Regardless, it seemed natural upon my decision to return to reading and writing about comics that Hulk would be my go-to guy. After all, as I wrote last week, I feel a little unsure of my footing here. It's been a while. Attaching a lifeline to the character who served as the comic book icon of my childhood seemed a good idea. Not that I would only write about the Hulk, but that he would be my doorway to the rest of the funnybook world. I don't know what's different about comics since last I was writing about them, and I need something familiar to anchor myself. Something familiar. Something dependable. Something-



Christ-on-a-space-shuttle, who the fuck is that?

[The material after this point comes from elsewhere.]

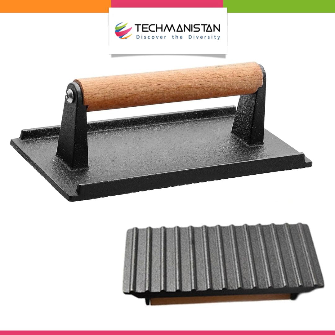 COMMERCIAL GRADE ACCESSORIES FOR GRIDDLE:This Cast iron flat grill press, they’re used by real griddle masters. Offers you professional chef-level flat top grill accessories for Blackstone so you can make your own restaurant-like cuisine at home.
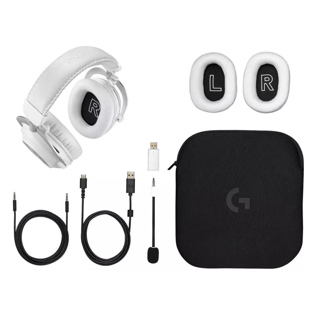 PRO X 2 LIGHTSPEED|Type Gaming/Wireless|Head-Band|1xUSB-C|Bluetooth|Sensitivity 87.8 dB(a)|Cord length 1.8 m|Battery Lithium-Ion rechargeable|Included Accessories PRO X 2 LIGHTSPEED gaming headsetMemory foam leatherette ear padsExtra memory foam cloth ear padsUSB-A LIGHTSPEED Wireless adapter with 3.5mm portDetachable mic with foam windscreenUSB-A to USB-C cable3.5mm cablesoft storage bagUser documentation|Colour White|Weight 0.345 kg

The Loeb/McGuinness Hulk disappointed me as much as any comic ever could. McGuinness draws the Hulk like a Cartoon Network parody. Loeb's stories, in every way I could imagine, don't make sense. I'm constantly convinced I skipped something. Hulk will be free and at large at the end of one issue, and imprisoned at the beginning of the next, meaning the character who has been hounded by the military since his birth is now willingly submitting to imprisonment? Including going BACK to prison after he's already freed himself? I can't decide whether or not his Hulk is more or less unreadable than his Superman/Batman. His Hulk lacks the Supes-Said/Bats-Said narration that rendered Superman/Batman immediately annoying, but it has its own host of boring, vapid gimmicks. One issue features, once again, the Hulk switching back and forth between his green, savage self and the gray-skinned legbreaker "Mr. Fixit." Then, later...WendiHulk. As in a Hulk-ified Wendigo, or a Wendigotten Hulk, whichever you like better. And his time at DC has apparently left him with the notion that every comic needs enough superhero guest appearances to fill a clown car. Yes, I understand the dollars-and-cents logic of "guest appearances increase sales," but that really only tends to work with guest appearances by popular characters, right? I fail to see how Moon Knight and Brother Voodoo are going to increase Hulk sales, especially when they really add nothing to the story. Someone will say "Hey! We need some magic crap done!" and poof! Brother Voodoo shows up, does some magic crap, and leaves. It all takes place in the space of a couple pages. Wow. That's chemistry.

Some years ago I wrote a commentary piece for CBG called "WHY WON'T PUNY HUMANS JUST LEAVE HULK ALONE!?!?" My argument was that, rather than doing anything genuinely interesting with the character, writers had subjected Hulk to constant, radical change. Gimmicks disguised as depth. Rather than reproduce the entire article, I think this says it all: "We've had smart Hulks, gray Hulks, mute Hulks, evil Hulks, suicidal Hulks, psychotic Hulks, incestuous Hulks, Hulks borne of Skrulls, Hulks that don't even have to turn into the Hulk to get all Hulky, and Sybil-Hulks who change from green-to-gray and smart-to-dumb every day. We've even had a Rick Jones Hulk. Imagine if Mexican wrestlers broke Bruce Wayne's back every few years, and Spidey endured clone sagas bi-annually. That's what Hulk fans have dealt with for the past two decades." Loeb's Red Hulk proved my argument better than any Hulk run I can remember. Between the red Hulk, the gray Hulk, the green Hulk and the Wendigo Hulk, Loeb scrambled to grab any tired BS he could rather than scrounge up an actual idea.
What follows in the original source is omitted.